Base Regression Model
Let us define our target(Y) variables and features(X) and train our first regression model.
from sklearn.model_selection import train_test_split
from sklearn.linear_model import LinearRegression
X=conc.iloc[:,0:-1]
y=pd.DataFrame(conc.iloc[:,-1])
X_train,X_test,y_train,y_test=train_test_split(X,y,test_size=0.2,random_state=42,stratify=X.age)
reg=LinearRegression()
reg.fit(X_train,y_train)
y_pred=reg.predict(X_test)
print("The accuracy of the model(r^2) is : ",reg.score(X_test,y_test).round(2))
coef=pd.DataFrame({'Materials':list(X.columns),'Coef':reg.coef_.flatten()})
display(coef.style.background_gradient(cmap="PRGn"))
fig,ax=plt.subplots()
# plt.scatter(y_test,y_pred,alpha=0.7, edgecolors="k")
sns.barplot(data=coef,x='Materials',y='Coef')
plt.xticks(rotation=45)
plt.show()
The model has an r squared value of 0.62 meaning our model can onlt explain about 62% of the variability in the dataset. The superplasticizer has the highest weight of the features and water having the lowest weight of the feautrues.

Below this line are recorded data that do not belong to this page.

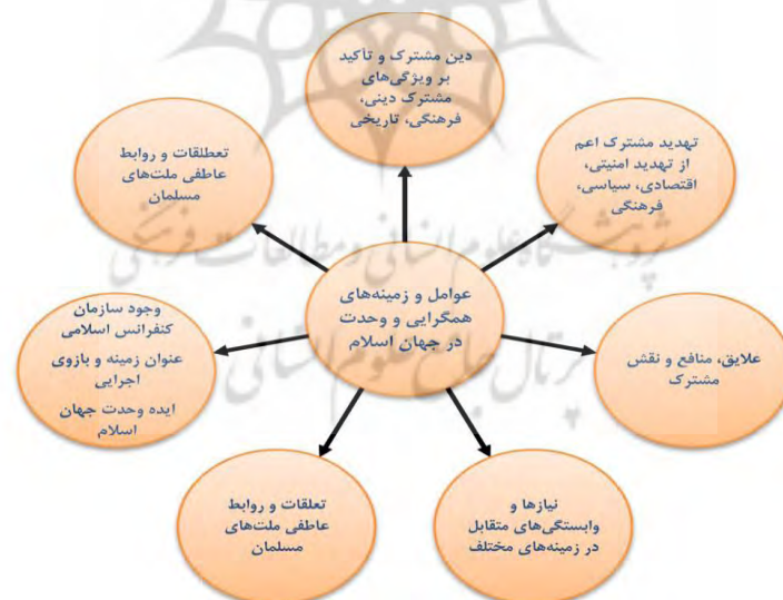
شکل ۲. عوامل همگرایی میان کشورهای اسلامی (پژوهشهای جغرافیایی جهان اسلام، ۱۳۹۱: ۱۴۲)

اقتصادی، اجتماعی، دفاعی و نظامی، سیاسی و فرهنگی است. از عوامل اصلی همگرایی در جهان اسلام عامل دیانت مشترک اسلامی است. وجود جمعیت قابل ملاحظه مسلمان، تلاش برای وحدت اسلامی و ایجاد امت اسلامی بستر اصلی شکل‌گیری همکاری اسلامی به‌طور رسمی (سازمان همکاری اسلامی) یا غیر رسمی است. اندیشه وحدت‌گرایی، که نقطه تأکید کشورهای اسلامی و همکاریهای رسمی اسلامی در قالب سازمان و ... است به‌علت منافع و دیدگاه‌های متفاوت کشورها کنار گذاشته می‌شود و حرکت‌های جمعی مشترک به منافع خاص کشوری تغییر مسیر می‌دهد و باعث واگرایی می‌شود. از عوامل مؤثر در واگرایی همکاریهای اسلامی تفاسیر و قرائت‌های متفاوت و متعارض از اسلام و تأکید بر حقانیت خود و تلاش برای حذف دیگران، تأمین حقوق اقلیتهای مذهبی اعم از شیعه یا سنی، اختلافات مرزی، چگونگی و میزان تقابل یا تعامل و همسویی با غرب، نبود سیاست‌های اقتصادی و تجاری مشترک، نبود ضمانت اجرایی برای مصوبات سازمان، تفاوت نظر در برابر فلسطین و ساختار مبارزه با رژیم صهیونیستی، تفاوت مواضع در مورد بیداری اسلامی، آینده جهان اسلام، و ... است (نظرآهاری، ۱۳۷۶: ۷۳۵).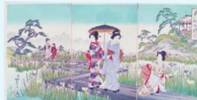
シリーズ 葛飾と水② 船橋と曳舟 シリーズ 葛飾と水③ 葛西用水とふたつの溜井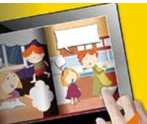
Tout p'tits clics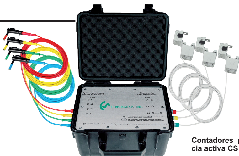
Contadores portátiles de corriente/potencia activa CS PM 600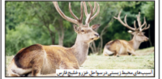
اسب‌های محضر زینتی در سواحل خزر و خلیج فارس

حساب‌گیری دفتر رهبر انقلاب در ایستگاه تویست بازاری و انتشار و تبلیغی از یک دیدار رهبری در سال ۸۸ بر رخ مطهری حوزة علمیه قم. چندی از ایشان در بازه مه‌مجمده حوضه مستتر کرده‌اند که رهبری طی آن با تازمه دیداری که مطهر فر است انتخابات ریاست جمهوری می‌فرمودند که در آن هنگام رهبری به خود آقای خامنه‌ای گفته که اگر این یک جریان می‌شود که در کشور وجود نداشته‌است لازم می‌دانستیم که جریان چه بود و چه بود و برای آن این دو جناح است - شرکت آقای هاشمی و دیگران - معتاد شده بود. حال براساس حضرتی می‌توانیم استفاده می‌شود و به عنوان یکی از نمایندگان مجلس از دیدار رهبری موثر جناح چپ آن زمان در مناسبات سیاسی بوده و وایتی از نشست دیگر بار رهبری در عنان بحیثه انتخابات ریاست جمهوری در ۷۶ نست شده که آقای رهبر انقلاب در آن جلسه به همین موضوع ترمیم تشکیل جناح چپ اشاره کرده بودند. حضرتی در روایتی که در اختیار داشته‌ام قرار داده علاوه بر شرکت آقای هاشمی و دیگران همانگونی گروه‌های بیرونی خط امام از مهر ماه ۷۵ به چند جلسه و در منزل سیاسی - انتخاباتی دیگر از همان مقطع مهر و آبان ۷۵ تا تیرماه ۷۶ و در این تاریخ و تاریخ‌ها خود فرموده که در آن زمان که در آنجا این توضیح فرمود می‌خواهد، مجلس نبود و ما در مجموعی با عنوان شورای هماهنگی گروه‌های بیرونی خط امام به فعالیت می‌کردیم که در آن شورا از مجلس و در واقع از فرانسویان خط امام از زمان

# Import the necessary modules
from sklearn.model_selection import cross_val_score, KFold
# Create a KFold object
kf = KFold(n_splits=6, shuffle=True, random_state=5)
reg = LinearRegression()
# Compute 6-fold cross-validation scores
cv_scores = cross_val_score(reg, X, y, cv=kf)
# Print scores
print(cv_scores.mean().round(2))
# Import Ridge
from sklearn.linear_model import Ridge
alphas = [0.1, 1.0, 10.0, 100.0, 1000.0, 10000.0]
ridge_scores = []
for alpha in alphas:
# Create a Ridge regression model
ridge = Ridge(alpha=alpha)
# Fit the data
ridge.fit(X_train, y_train)
# Obtain R-squared
score = ridge.score(X_test, y_test)
ridge_scores.append(score)
print(ridge_scores)
Regression Model with scaled features
Let us scale our feautures to even the playing field for all feautrues
from sklearn.preprocessing import StandardScaler
scaler=StandardScaler()
X_train_scaled = scaler.fit_transform(X_train)
X_test_scaled = scaler.transform(X_test)
reg=LinearRegression()
reg.fit(X_train_scaled,y_train)
y_pred=reg.predict(X_test_scaled)
print("The accuracy of the model(r^2) is : ",reg.score(X_test_scaled,y_test).round(2))
coef=pd.DataFrame({'Materials':list(X.columns),'Coef':reg.coef_.flatten()})
display(coef.style.background_gradient(cmap="PRGn"))
fig,ax=plt.subplots()
# plt.scatter(y_test,y_pred,alpha=0.7, edgecolors="k")
sns.barplot(data=coef,x='Materials',y='Coef')
plt.xticks(rotation=45)
plt.show()
There is no difference between the accuracy of the scaled features and that of the unscaled features.
Regression Model with encoded Age Feautrues
The age category of the model can be represented as a categorical feauture using one hot encoding representing the values with onces and zeroes
x_dummies=pd.get_dummies(X['age'],drop_first=True)
X_dummies=X.drop(columns='age',axis=1)
X_dummies=pd.concat([X_dummies,x_dummies],axis=1)
X_train,X_test,y_train,y_test=train_test_split(X_dummies,y,test_size=0.2,random_state=42)
reg.fit(X_train,y_train)
y_pred=reg.predict(X_test)
print("The accuracy of the model(r^2) is : ",reg.score(X_test,y_test).round(2))
coef=pd.DataFrame({'Materials':list(X_train.columns),'Coef':reg.coef_.flatten()})
display(coef.style.background_gradient(cmap="PRGn"))
fig,ax=plt.subplots()
plt.scatter(y_test,y_pred,alpha=0.7, color="black")
plt.plot(y_pred,y_pred,color='red')
# sns.barplot(data=coef,x='Materials',y='Coef')
# plt.xticks(rotation=45)
plt.show()
The accuracy of the model has improved significantly to 82%. From our earlier analytics we deduced that the significant ages of the sample is bewteen 1-150, with samples falling outside of this age range having very few representation in the sample collection and also might have a negative impact on our model.